A. UNE JURISPRUDENCE DE LA COUR EUROPÉENNE DES DROITS DE
L’HOMME FONDÉE SUR LE RESPECT DE LA VIE PRIVÉE
L’article 8 de la Convention européenne des droits de l’homme consacre le
« droit au respect de la vie privée et familiale ». Il dispose que :
« 1. Toute personne a droit au respect de sa vie privée et familiale, de son
domicile et de sa correspondance.
« 2. Il ne peut y avoir ingérence d’une autorité publique dans l’exercice de
ce droit que pour autant que cette ingérence est prévue par la loi et qu’elle constitue
une mesure qui, dans une société démocratique, est nécessaire à la sécurité
nationale, à la sûreté publique, au bien-être économique du pays, à la défense de
l’ordre et à la prévention des infractions pénales, à la protection de la santé ou de
la morale, ou à la protection des droits et libertés d’autrui. »
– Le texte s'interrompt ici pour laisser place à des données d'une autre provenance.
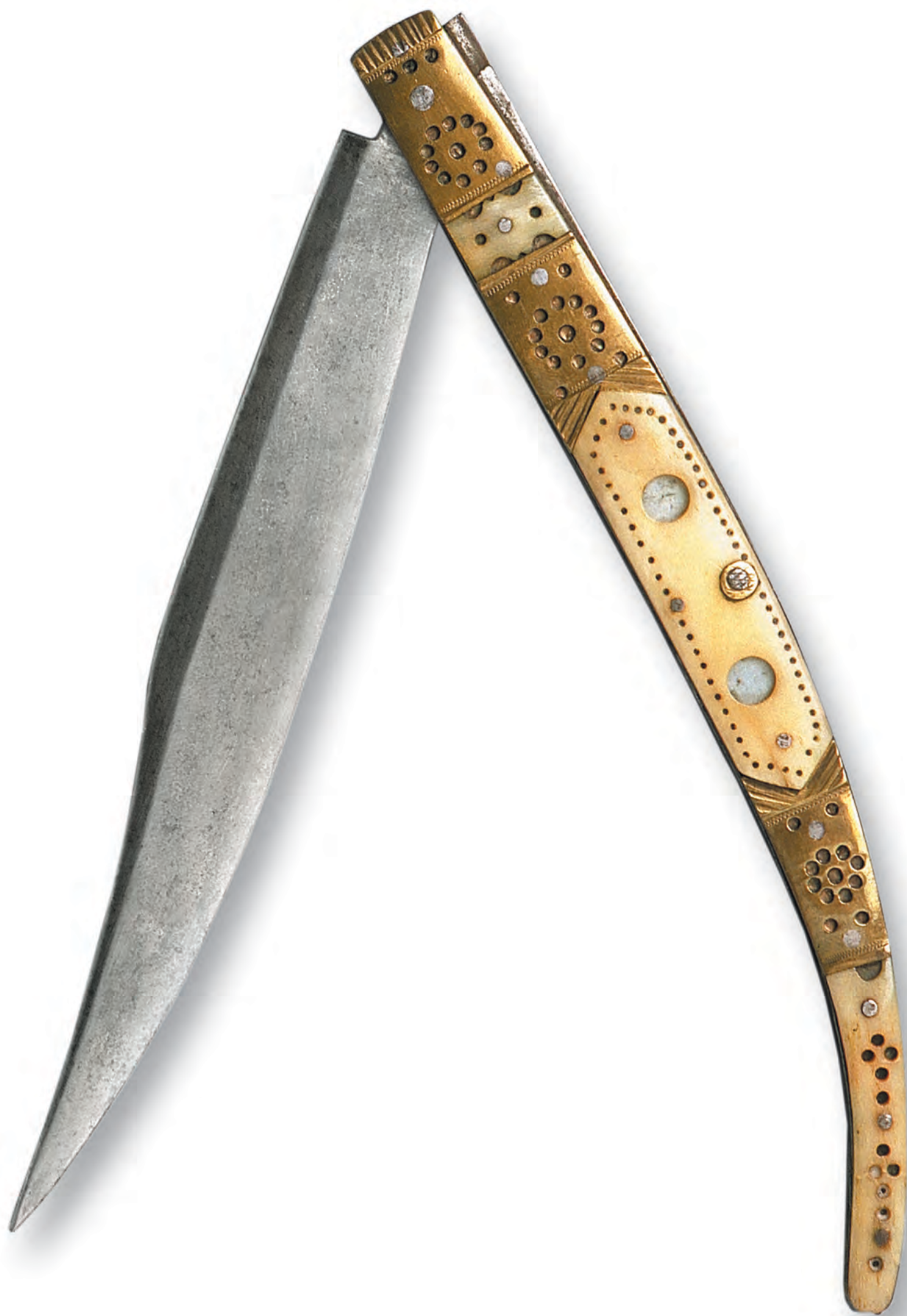
Navaja de espejillos. Albacete. Siglo XIX. Colección MCA.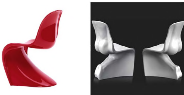
Рис.2. Реплікація конструктивних та технологічних характеристик Panton Chair Вернера Пантона для VITRA з частковою зміною форми в стільцях Him&Her Фабіо Новембре.

технологічні досягнення попередника і, залишивши внутрішню поверхню функціональною, зовні створив нову еротичну форму (рис.2).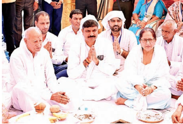
सितारा न्यूज नेटवर्क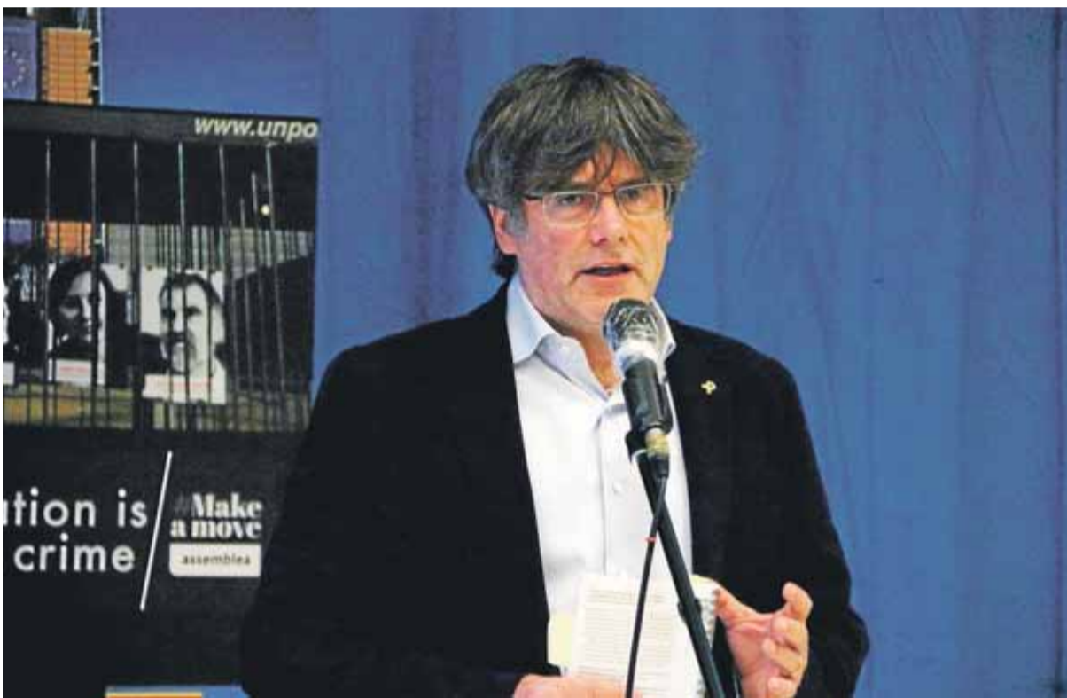
Carles Puigdemont va intervenir ahir en l'acte de l'ANC a Brussel·les en què s'exposen les fotos censurades a Arco ■ ACN

EXPOSICIÓ • S'inaugura a Brussel·les amb motiu de la Diada l'exposició dels presos censurada el 2018 a la fira Arco PUIGDEMONT • El president a l'exili diu que no es pot negociar amb un "estat opressor" que vol "doblegar-nos"

C’est sur ce fondement que la Cour a très tôt exigé qu’un cadre légal soit
fixé pour encadrer les ingérences dans la vie privée induites par la mise en œuvre
d’activités de surveillance. Pour le juge de Strasbourg, la loi non seulement doit
exister (que ce soit sous forme d’un texte ou d’une jurisprudence uniforme et
constante), mais il faut encore qu’elle présente une certaine « qualité ». Cette notion
de « qualité de la loi » est ancienne et figure déjà dans les arrêts Klass du 6 sept.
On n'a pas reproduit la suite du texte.